You can use several exercises with manual resistance to develop and strengthen the areas of the hips and ankles, which traditional strength training tools often neglect. Share on X

Manual resistance works effectively with isometric exercises targeting the hips and ankles, but it can also be used to provide resistance with more common exercises, such as push-ups and reverse hypers. I primarily work with youth athletes in the private sector and have seen great success utilizing manual resistance within their sessions. It creates a fun training environment and is appropriate for their age and training level.

Educating Your Athletes

The main concern with using manual resistance comes down to the maturity and understanding of the individual applying the resistance. In a team setting, since the athletes themselves are the resistance, it is important to educate them and get them to properly apply the appropriate resistance in a safe and progressive manner.

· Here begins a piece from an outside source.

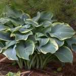 Потужний та красивий сорт хости. Висота рослини до 90см. Листя сіро - блакитне, з нерівномірною жовт..

As you know, getting athletes to follow directions can be difficult, yet not impossible. When introducing manual resistance, it is best to teach the group as a whole and go through full sets demonstrating on a coach at first—perhaps choosing something simple such as an isometric hold, since this will be on the coach’s time. Another option I like to do is use a stronger athlete as an example and make a point with them. If they feel the challenge when performing the exercise, then it sets an emphatic tone for the rest of the group.

Education is key, because if too much or too little resistance is applied, then it defeats the purpose of the exercise. If possible, coaches should be applying resistance to their athletes, but I understand this is not always possible.

Many of the same training principles that you would use with a standard barbell movement apply to manual resistance exercises. They can be performed for a set number of repetitions or as isometric holds. If the intensity of the manual resistance increases, then the quality of repetition may have an inverse effect. It’s important for your training partners to be able to gauge this and make adjustments.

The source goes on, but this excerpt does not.